Exercise objective
Everything from the line with "Der Ethanolkamin von" down to the line with "Torrid Black Semi" below must be printed exactly, those two lines included. Exclude pictures.
*** Provided records ***
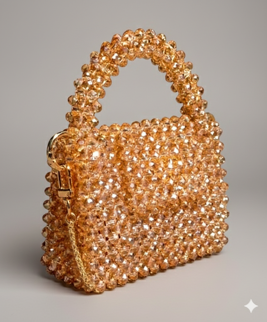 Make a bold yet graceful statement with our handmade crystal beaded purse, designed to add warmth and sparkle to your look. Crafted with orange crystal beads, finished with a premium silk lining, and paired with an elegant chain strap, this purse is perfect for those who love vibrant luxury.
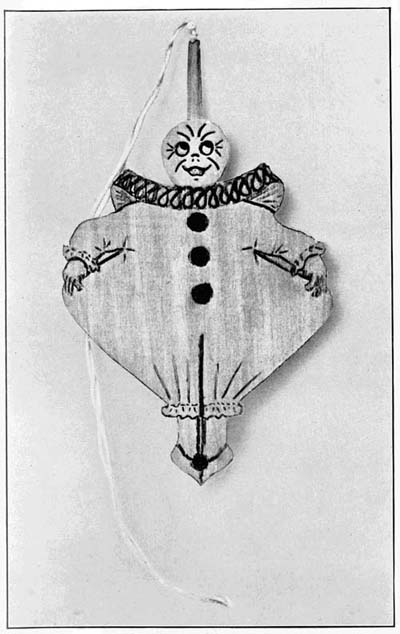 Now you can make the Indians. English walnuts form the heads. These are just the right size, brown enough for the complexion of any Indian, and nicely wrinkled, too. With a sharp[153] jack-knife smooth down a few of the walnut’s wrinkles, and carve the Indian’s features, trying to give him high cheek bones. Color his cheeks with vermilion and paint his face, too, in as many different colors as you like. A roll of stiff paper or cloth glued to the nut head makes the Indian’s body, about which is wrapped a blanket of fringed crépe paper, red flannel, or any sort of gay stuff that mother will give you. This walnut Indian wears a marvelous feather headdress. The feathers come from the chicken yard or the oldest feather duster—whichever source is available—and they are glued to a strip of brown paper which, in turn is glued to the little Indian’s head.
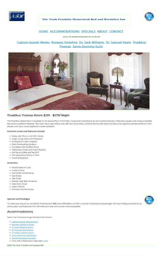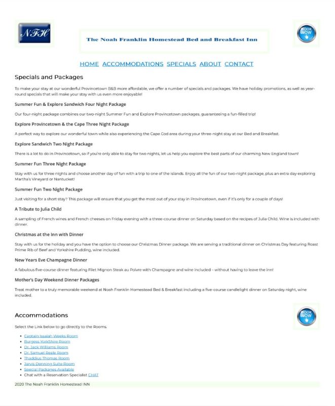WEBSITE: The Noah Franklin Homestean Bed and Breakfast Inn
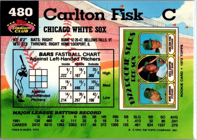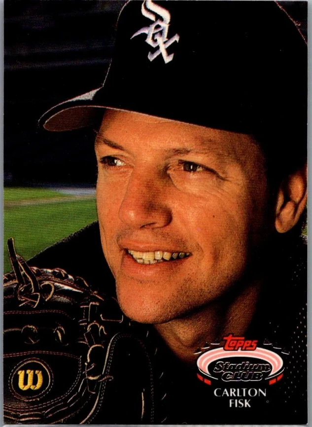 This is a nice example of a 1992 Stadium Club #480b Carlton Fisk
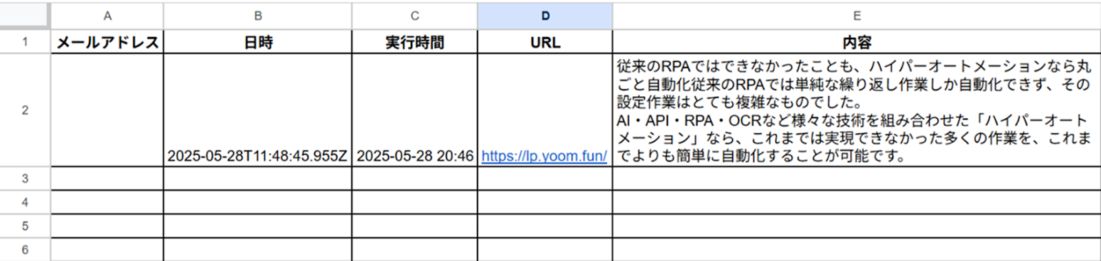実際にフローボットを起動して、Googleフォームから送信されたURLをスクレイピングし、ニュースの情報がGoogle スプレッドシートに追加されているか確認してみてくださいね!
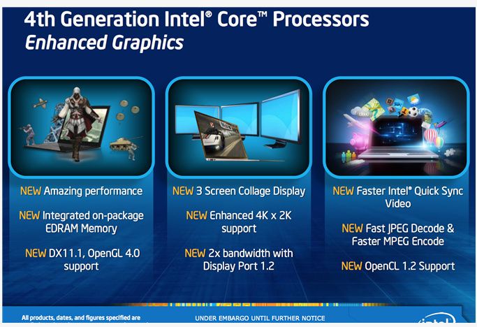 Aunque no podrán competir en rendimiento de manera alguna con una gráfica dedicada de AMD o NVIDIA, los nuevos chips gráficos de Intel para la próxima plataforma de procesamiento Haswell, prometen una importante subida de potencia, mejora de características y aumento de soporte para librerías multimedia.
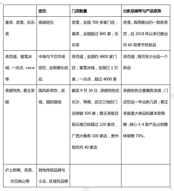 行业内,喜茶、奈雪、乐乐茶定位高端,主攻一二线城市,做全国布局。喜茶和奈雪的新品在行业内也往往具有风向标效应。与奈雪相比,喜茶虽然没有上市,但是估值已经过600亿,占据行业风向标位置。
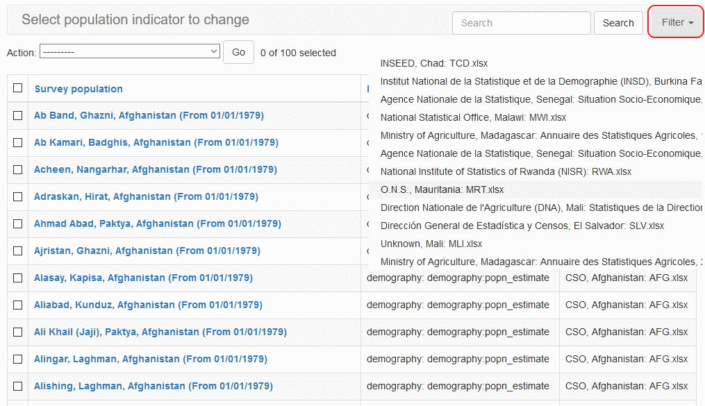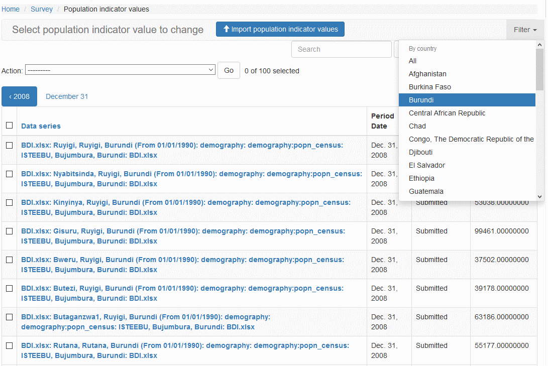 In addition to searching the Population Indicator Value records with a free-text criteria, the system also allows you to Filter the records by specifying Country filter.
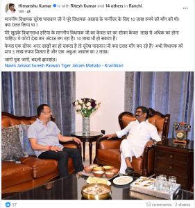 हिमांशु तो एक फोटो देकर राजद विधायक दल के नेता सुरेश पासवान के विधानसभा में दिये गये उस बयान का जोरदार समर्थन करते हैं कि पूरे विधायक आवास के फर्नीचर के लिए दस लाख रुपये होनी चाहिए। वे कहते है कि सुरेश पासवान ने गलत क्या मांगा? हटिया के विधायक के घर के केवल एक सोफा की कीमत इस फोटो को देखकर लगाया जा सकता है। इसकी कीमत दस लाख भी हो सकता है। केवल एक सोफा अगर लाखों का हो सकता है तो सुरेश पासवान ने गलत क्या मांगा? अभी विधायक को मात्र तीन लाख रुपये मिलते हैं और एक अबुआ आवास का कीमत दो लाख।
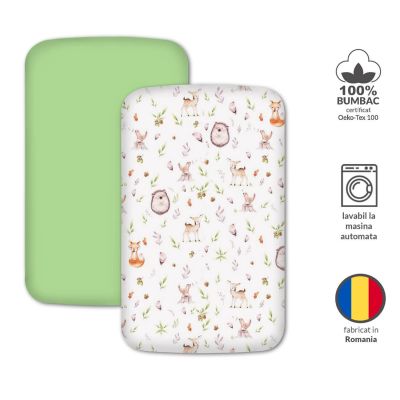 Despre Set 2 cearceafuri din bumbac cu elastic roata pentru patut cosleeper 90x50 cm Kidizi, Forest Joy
*** End of Provided records ***
*** Provided records ***
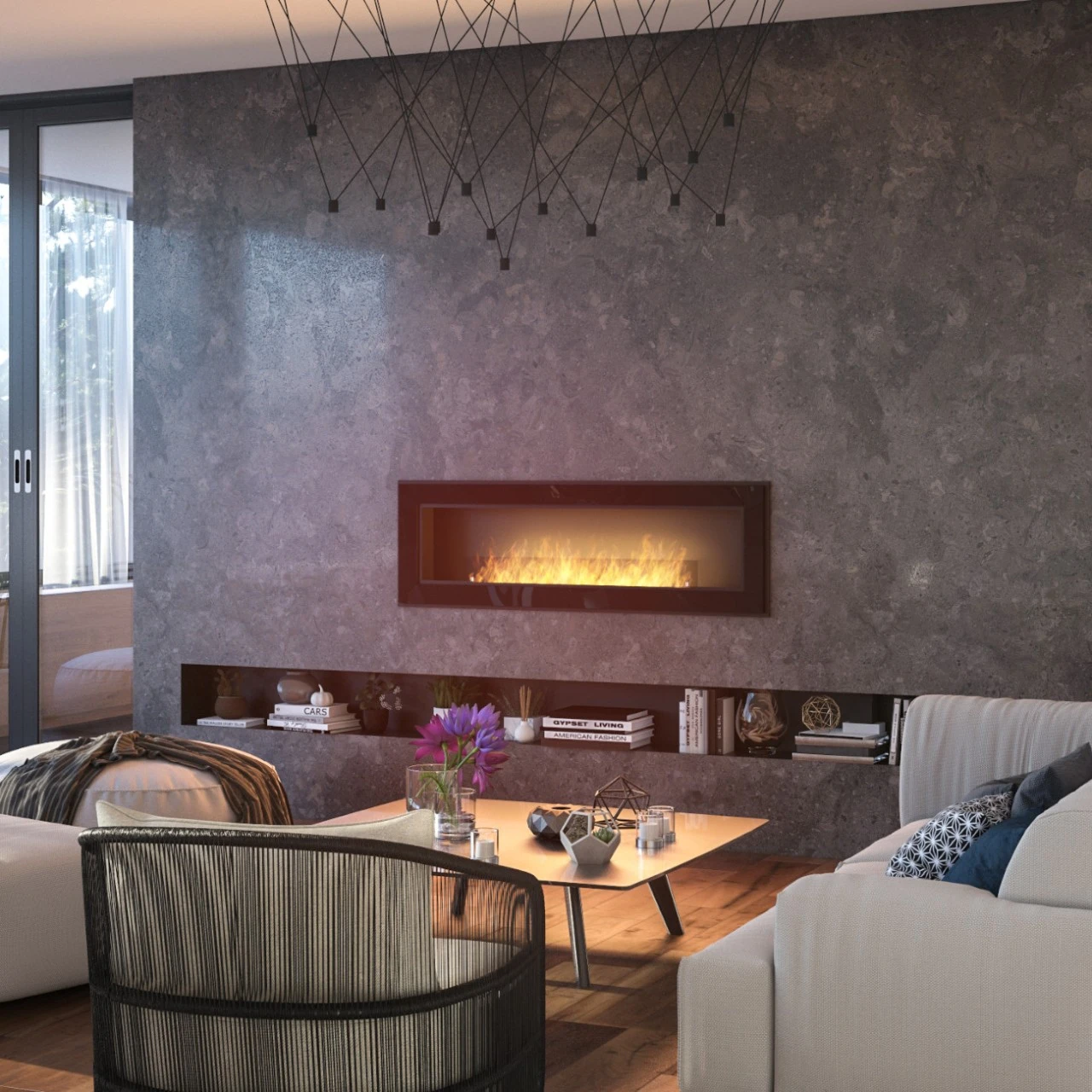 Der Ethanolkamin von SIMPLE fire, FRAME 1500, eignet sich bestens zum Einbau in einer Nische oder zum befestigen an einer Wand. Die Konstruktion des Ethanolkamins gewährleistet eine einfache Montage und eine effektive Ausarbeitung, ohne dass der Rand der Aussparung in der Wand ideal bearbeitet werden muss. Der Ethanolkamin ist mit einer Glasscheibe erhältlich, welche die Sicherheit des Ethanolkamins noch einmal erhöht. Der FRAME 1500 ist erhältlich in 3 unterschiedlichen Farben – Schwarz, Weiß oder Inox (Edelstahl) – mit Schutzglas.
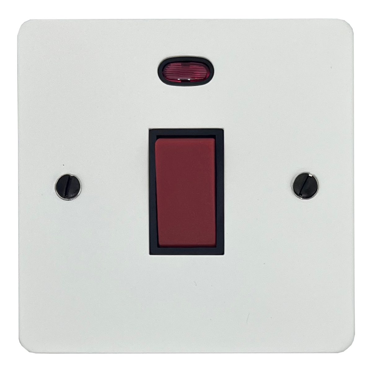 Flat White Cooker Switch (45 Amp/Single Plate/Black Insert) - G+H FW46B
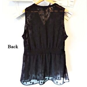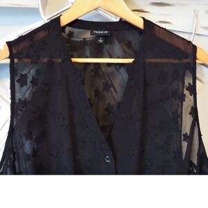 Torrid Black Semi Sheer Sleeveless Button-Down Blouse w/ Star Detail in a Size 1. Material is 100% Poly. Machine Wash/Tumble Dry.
*** End of Provided records ***
*** Provided records ***
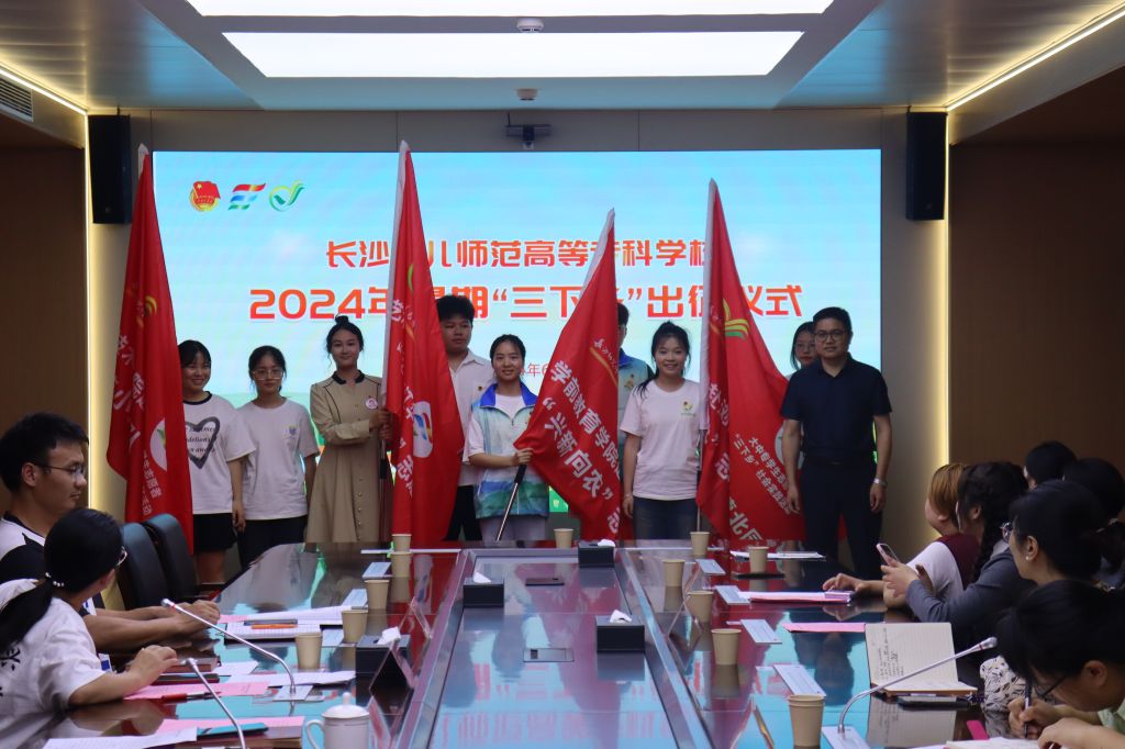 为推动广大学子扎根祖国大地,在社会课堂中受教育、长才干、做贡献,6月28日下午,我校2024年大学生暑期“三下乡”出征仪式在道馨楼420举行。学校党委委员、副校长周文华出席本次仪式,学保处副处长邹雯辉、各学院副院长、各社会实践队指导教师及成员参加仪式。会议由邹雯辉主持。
*** End of Provided records ***
Answer section
 Der Ethanolkamin von SIMPLE fire, FRAME 1500, eignet sich bestens zum Einbau in einer Nische oder zum befestigen an einer Wand. Die Konstruktion des Ethanolkamins gewährleistet eine einfache Montage und eine effektive Ausarbeitung, ohne dass der Rand der Aussparung in der Wand ideal bearbeitet werden muss. Der Ethanolkamin ist mit einer Glasscheibe erhältlich, welche die Sicherheit des Ethanolkamins noch einmal erhöht. Der FRAME 1500 ist erhältlich in 3 unterschiedlichen Farben – Schwarz, Weiß oder Inox (Edelstahl) – mit Schutzglas.
 Flat White Cooker Switch (45 Amp/Single Plate/Black Insert) - G+H FW46B
 Torrid Black Semi Sheer Sleeveless Button-Down Blouse w/ Star Detail in a Size 1. Material is 100% Poly. Machine Wash/Tumble Dry.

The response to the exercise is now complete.